鬼系上司は甘えたがり。
「薪」
「……」
「おーい薪、機嫌直せ」
「……」
「オラ薪、いい加減返事しないと喰うぞ!」
「ひゃーっ、ごめんなさいー!」
けれど、突如ブチ切れた主任が発した“喰う”という全く穏やかではない単語に並々ならぬ身の危険を感じた私は、さすがに無視を決め込むわけにもいかなくなり、慌てて謝る。
え、でも、悪いのは主任だよね?
一拍置いて、ふと冷静に思う。
なんで唇を奪われた私のほうが怒られ、謝らなければならない状況になっているのだろうか。
下僕ってどんなときも下僕なんだな……。
「さっきのことは、あれだ、悪かった」
すると、ちょうど赤信号で車が止まったタイミングで主任が先ほどのことをそう弁解してきた。
チラリと運転席を窺えば、ハンドルに行儀よく両手を揃えて置き、その上にちょこんと顎を乗せて、まるで“伏せ”の体制を取っている犬のようにじっと前の車を見つめている。
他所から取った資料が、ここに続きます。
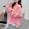 Lote 2024 Novas mangas de outono e inverno femininas, jaqueta longa de flanela bordada com morango, fofa, para escritório, manga antiincrustante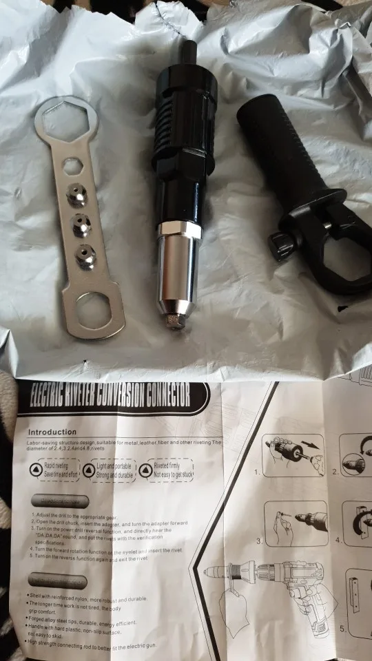Винт адаптера подключается к электродрели, а Электрический заклепной пистолет быстро преобразуется. Легко устанавливается.

さすがにキスはやりすぎたと反省しているのだろうか、なんとなくその背中が丸まって見え、なぜだろう……チクリと少しだけ胸が痛む。
だから主任、シュンとされると私の方が悪いことをしている気分になってくるから、時たま繰り出すソレ、やめてくれませんか。
そういうのズルいんですって。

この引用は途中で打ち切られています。